I wonder if we can just set a default?

    convex :: Shape -> Bool
    convex _ = True  -- default for all non-polygon shapes

Woot!  Now for polygons!  Which is where I get stuck.  I think that we
can tell that it's convex if all the vertices turn in the same direction
(clockwise or anticlockwise)  All I need to do is to:


know which function to iterate all the vertices, 3 at a time (I think
I'm thinking of zipWith3, from a few advance peeks elsewhere) I
suppose this could be done recursively, like the polyArea definition.


have a function that will tell me if 3 points are clockwise or


tell if all the vertices are clockwise or anticlockwise

This all seems rather complicated.  I'm not even sure how to tell if the
3 points turn clockwise or anticlockwise.  Trig?  Or maybe just seeing
if the 3rd point lies to left or right of line defined by first two.
(Which from peeks, I know is a function defined later on).

I gave up on this exercise, then discussed on #haskell with fasta who
gave some suggestion on doing it with explicit recursion.  (At this
stage in the book, we haven't touched higher order functions and I think
it's a good exercise to try this way).

So, with a bit of encouragement/taunting from fasta, I gave it another
go, it should now identify anticlockwise polygons correctly as concave
or convex.

(It is hardcoded to work anticlockwise, I could presumably check the
first direction, and then have the outer function test that the
subsequent vertexes are still in that direction)

    convex:: Shape -> Bool

    convex (Polygon (v1 : v2 : v3 : vs))
        = _convex (v1 : v2 : v3 : vs ++ [v1,v2])
        where _convex   :: [Vertex] -> Bool
              _convex (v1 : v2 : v3 : vs)
                    = turnedLeft v1 v2 v3 && _convex (v2 : v3 : vs)
              _convex _ = True -- base case, for example
                               -- a point or a line is convex

    convex _ = True  -- default for all non-polygon shapes

    -- "which way did we turn?" function from page 95, slightly modified
    -- (I tried to do the maths of this, and got caught up with
    -- gradients and intersection points.
    -- this property seems rather random, I guess it falls out of the kind
    -- of things I was looking at, but I don't get it)

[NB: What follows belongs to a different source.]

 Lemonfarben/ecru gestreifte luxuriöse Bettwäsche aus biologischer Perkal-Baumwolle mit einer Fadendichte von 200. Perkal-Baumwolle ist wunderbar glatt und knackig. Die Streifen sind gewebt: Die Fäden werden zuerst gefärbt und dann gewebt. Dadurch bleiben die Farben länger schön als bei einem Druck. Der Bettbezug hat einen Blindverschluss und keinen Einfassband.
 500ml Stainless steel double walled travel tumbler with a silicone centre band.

    turnedLeft :: Vertex -> Vertex -> Vertex -> Bool
    turnedLeft (x1,y1) (x2,y2) (x,y)
        = let (s,t) = (x - x1, y - y1)
              (u,v) = (x - x2, y - y2)
          in s * v >= t * u

Exercies 2.5  Another way to calculate polygon area

This exercise comes in 3 parts:

Once I sat down with a cup of tea to look at this clearly, it seemed
quite straightforward.  Obviously I managed to make it nonterminating
by trying to be clever with the base case.  I was trying to deal with
the base that we bring the first vertex back again.  In the end, I've
just appended (++ [v1]) though we haven't yet learnt the (++) operator
here, I wonder how you would do this using just what we've learnt so

 -- this is the area function for exercise 2.5
 area2 :: Shape -> Float

 area2 (Polygon (v1 : vs)) = polyArea2 (v1 : vs ++ [v1] )
     where polyArea2  :: [Vertex] -> Float
           polyArea2 (v2 : v3 : vs') = trapArea v2 v3
             + polyArea2 (v3 : vs')
           polyArea2 _ = 0

 -- make area2 work for the other shapes
 area2 s = area s

Of course we need the area for a trapezoid.  Remember these aren't
arbitrary trapezoids, they're against the X axis, so they're basically a
rectangle with a right-angled triangle sitting on them.

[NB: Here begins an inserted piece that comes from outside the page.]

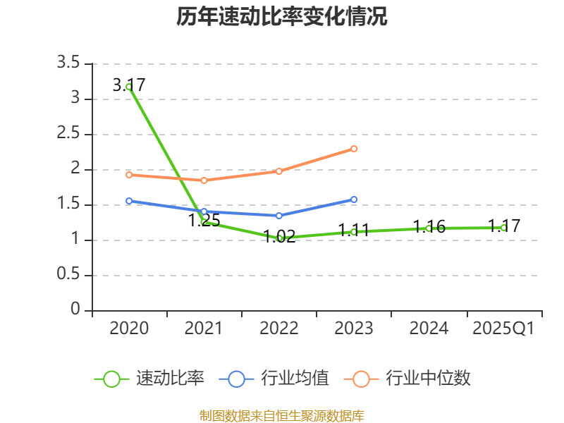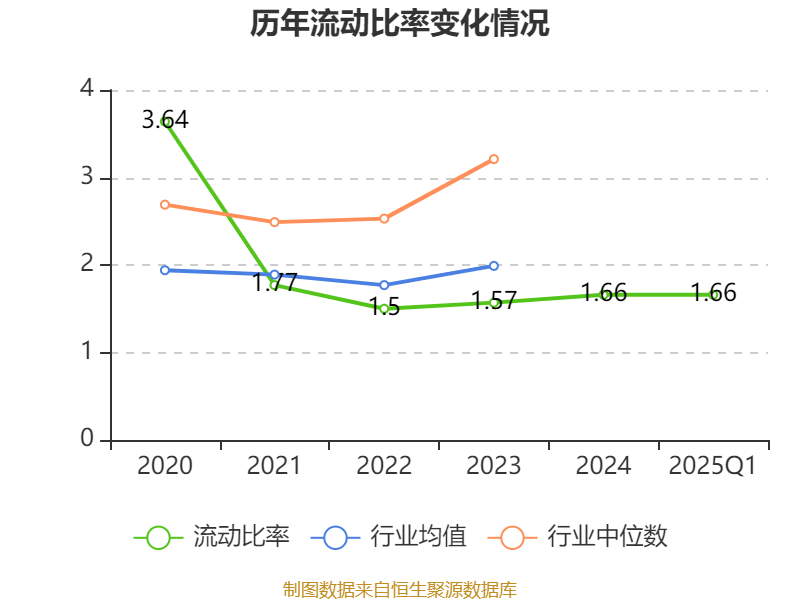2025年第一季度,公司流动比率为1.66,速动比率为1.17。

And whaddaya know, we have functions to calculate these areas!

  trapArea :: Vertex -> Vertex -> Float
  trapArea (x1,y1) (x2,y2) =
      let baseWidth = x2 - x1
          baseHeight = min y1 y2
          triHeight  = max y1 y2 - baseHeight
      in    (area (Rectangle baseWidth baseHeight))
          + (area (RtTriangle baseWidth triHeight))

Now, remember that if X increases from x1 to x2, we add, but if it
decreases, we subtract.  We haven't seen conditional statements yet, but
handily if baseWidth is negative, the result of area Rectangle or area
RtTriangle will be negative also!

(This is an implementation detail really, the area function might throw
an error instead, or correct to positive.  So we might choose to inline
like so instead:

   in (baseWidth * baseHeight) + (0.5 * (baseWidth * triHeight))

Now, this seems to give sensible results for simple polygons, but let's
try with a concave one and check we get the right result.

  area2 $ Polygon [(0,0), (0,5), (5,10), (10,10), (5,5), (15,0)]

By my calculation this should give 75, and ghci does indeed give me
that result!

Though, so does area, which is odd.  Let's try a more complex concave

    area2 $ Polygon [(2,0),(2,4),(0,5),(2,6),(3,8),(4,6),(6,5),(4,4)]

This should give 14, and area2 does.  The old area function gives

Why is the new technique more efficient?

Because we take 2 vertices at a time and have to return to v1, the new
technique has more iterations v, rather than v-2, where v is the number
of vertices in the Polygon.  However the calculations involved are
trivial, multiplication and addition, with no square root, and no
additional call to distBetween.  I'd want to run a benchmark before
asserting definitely that area2 is more efficient, but it seems like a
good working assumption.

What is the correct notion of area for self-crossing polygons.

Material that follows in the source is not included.